Professor O’Connor, you had a memorable quote in a recent New York Times op-ed by Tulio de Oliveira: “It seems that the United States is addicted to gambling with H5N1, but if you gamble long enough, the virus may hit a jackpot.” Can you explain exactly how we’re gambling here? What are we doing that’s so risky with regards to this virus?
David O’Connor: It’s been eight months since we first recognized that there were infections in dairy cattle. And while there has been a government response and a lot of conversations about it, the response has been what I would call too little and too late. It simply isn’t matching the scope of the potential risk, and we are gambling by not trying to take that more seriously. If you think about the dairy-cattle outbreak in particular, you have a bit of a gap. The USDA, CDC, and FDA can all credibly claim that they should be leading the response, but it doesn’t seem like any one organization has particularly taken up the mantle as the one in charge. USDA regulates agriculture; CDC is concerned about the spillover risk to human health; the FDA regulates milk. And they’ve all been involved, but I think you’d be hard-pressed to find one organization that would say they are running lead on this — that they are the H5 influenza czar overseeing and coordinating all aspects of the response.
When everyone’s in charge, no one’s in charge.
David O’Connor: So what you have are these policies by half-measure. Back in May, the USDA asked farms to voluntarily provide milk for bulk testing, but there was no particular incentive for them to do that, so very little bulk testing of raw milk was done. It took until November for the USDA to announce a rollout of bulk-tank testing, and that still appears to be a slow process. A couple of states took it upon themselves to do bulk-tank testing. And guess what? They found a bunch of previously unknown dairy herds that were affected. Colorado, Connecticut, and Massachusetts are the three I know.

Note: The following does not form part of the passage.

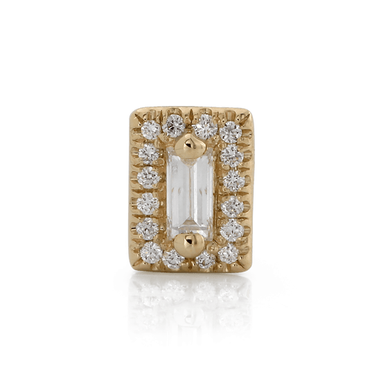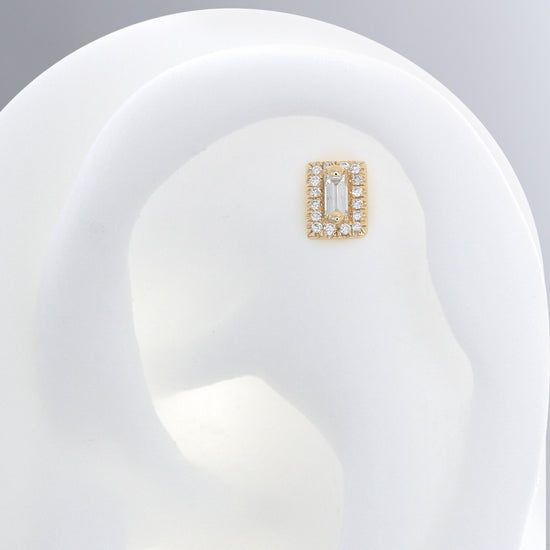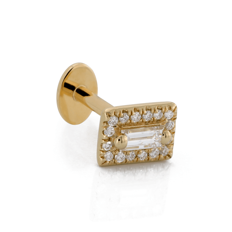 Size: 4mm x 5.4mm Material: 14k Gold Gemstone cut: Faceted Baguette & Faceted Rounds - White Diamonds |

So some states have done it, but that’s three out of 50. Where has the leadership been in terms of getting the bulk-tank testing so that we would simply know how widespread this virus is in dairy herds? The FDA, with some scientists, found that H5 genetic fragments could be found in pasteurized milk. So if you buy milk at the grocery store, you’d find that some of it has H5 genetic fragments. Milk is totally safe to drink — the virus is inactivated. But here we have the ability to understand how much H5 is in our dairy supply. And critically, we could use genetic epidemiology tools to understand the sequence of the virus. So how much H5 is out there? Where is it? What does it look like, how is it changing?

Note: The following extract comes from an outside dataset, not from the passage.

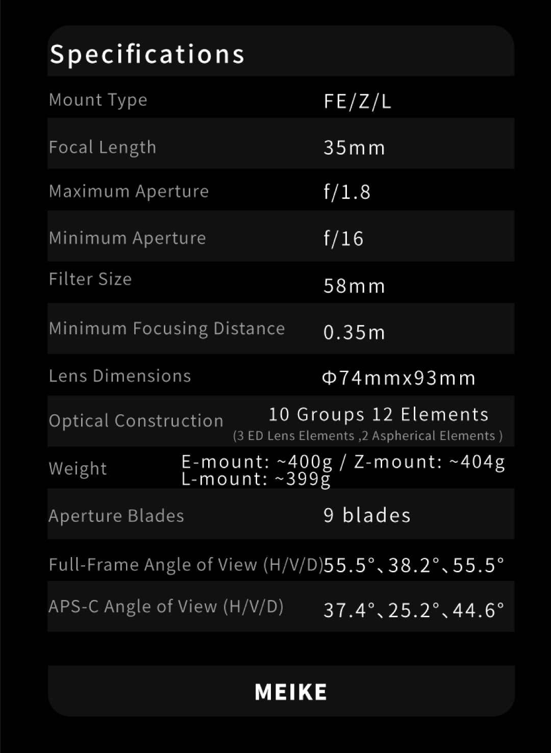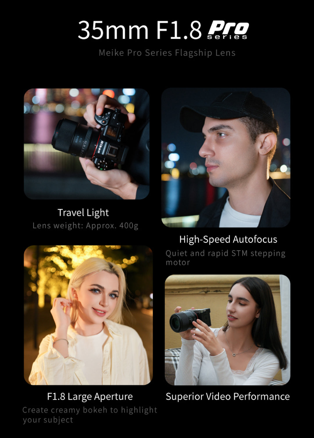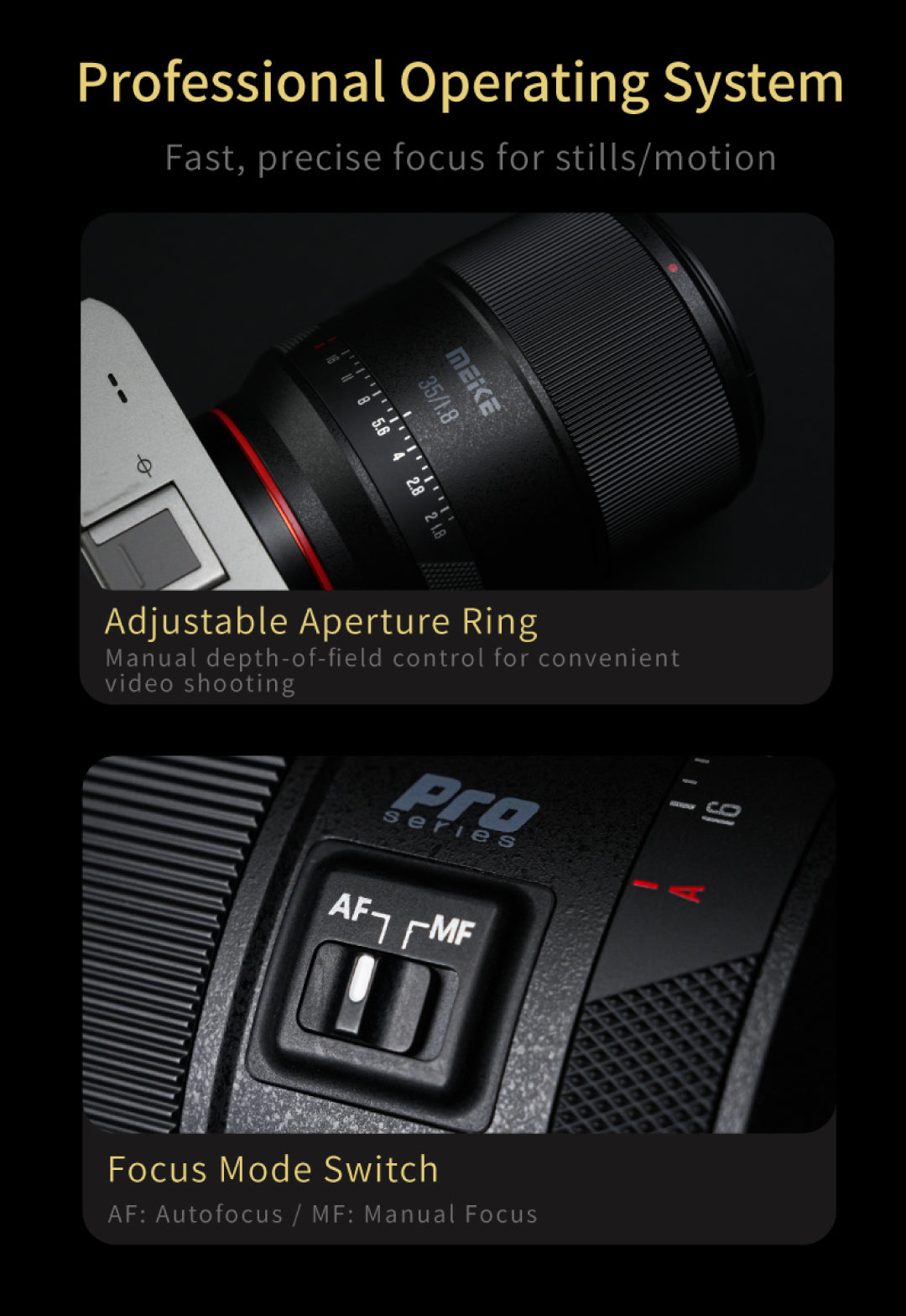 Meike 35mm f1.8 Pro Vollformat-Autofokus STM-Objektiv für L-Mount-Kameras. Mit dem Meike 35mm f/1.8 STM Autofokus-Objektiv, das speziell für Panasonic Vollformatkameras entwickelt wurde, gelingen Ihnen atemberaubende Aufnahmen . Dieses vielseitige Festbrennweitenobjektiv bietet eine lichtstarke Blende von f/1,8, die sich perfekt für ein schönes Bokeh und hervorragende Ergebnisse bei schlechten Lichtverhältnissen eignet.

When the FDA has done surveys of these products, they tout the fact that they tested 167 products. Is that a lot of products to test, given the scale of the dairy industry around the United States? I would argue that they should be testing ten times, 50 times that number if we really want to understand how this virus is potentially moving through time and space. And for the CDC’s part, they recently released a study that found that among 115 dairy workers, 7 percent had antibodies to H5N1. That’s almost 10 percent — admittedly of a small number of people they reported on — who have apparently been exposed to this virus occupationally in the last year. So we have to be asking: Why have they only looked at 115 people? Why did it take a peer-reviewed scientific article for that information to come out? Why was it not broadcast more quickly and with greater urgency? This is the sort of thing that we are seeing from the response, and it’s just sclerotic and seemingly very, very conservative.
There was a lot of talk during COVID about our fragmented health-care system then, and how that was a real impediment. But this is more about the limits of our fragmented government surveillance system. Is there any workaround to that? Is that just the way the system is set up?
Tom Friedrich: As you guys both alluded to, there’s no one agency in charge. That’s not only true........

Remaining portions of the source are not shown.